Friday, May 13, 2011

Nimble round the neck

Meaghan Burke, Dead Western.
Vienna Rhiz. 04may11.

Despite being a native of New York, Meaghan Burke is, as a result of living in Vienna for a number of years, being asked to represent the city’s pop scene at the Popfest Wien free festival. This is the warm-up and it is clear that the anomaly is two-fold: her being merely an adopted daughter, but also that the music she makes is only on the barest of nodding terms with ‘pop’.

That said there are hi-jinks in her business, an embroidered, fresh-faced charm; the manner in which she beams, sporting the ivory being a facial equivalent of Doris Day greeting the day’s business with a windmill slap of a thigh.
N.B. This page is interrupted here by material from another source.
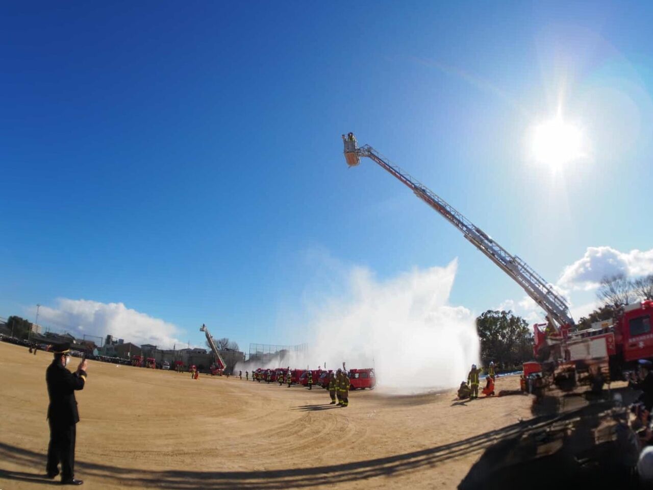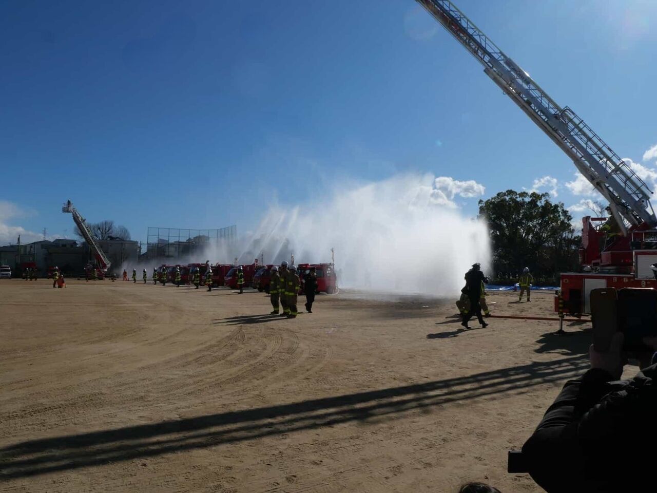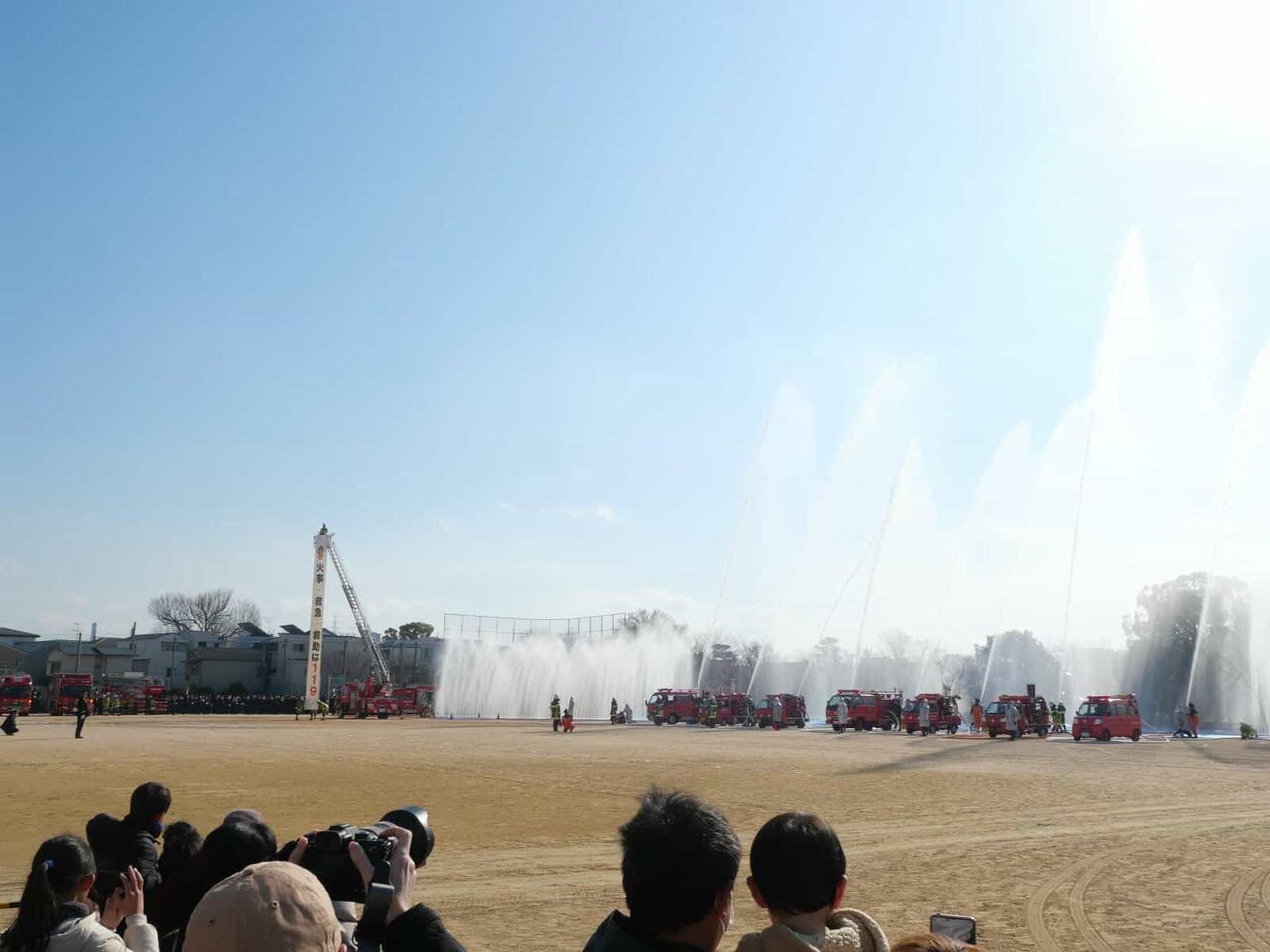 今回は、消防訓練のようすは省略されて、一斉放水については、近くで見られることに。

Yet she marries this innocence with regular dips into Diamanda Galas style melodrama, the voice flitting and swooping like a swallow, elasticising from trills to treacle. The other act this evening, Dead Western, do something a little similar in that respect, but their singer Troy Mighty’s facial mugging whilst exaggerating his vocal depth only succeeds in grating rather than beguiling. Meaghan Burke’s singing style feels much more natural, and it thus follows that her lyrics about bed bugs and such pass under the radar of irritation.

What might not beat the radar for some listeners is that this is very much a voice and cello performance, with no looping and no gradation. There is not even a reliance on heavy bowing to layer a warming underbelly, the neck of her instrument more often plucked or beaten.

Yet despite this plain set-up, the sound is agile and lively, moving across smoky blues, nimble jazz and scattergun torch song and back with barely a blink.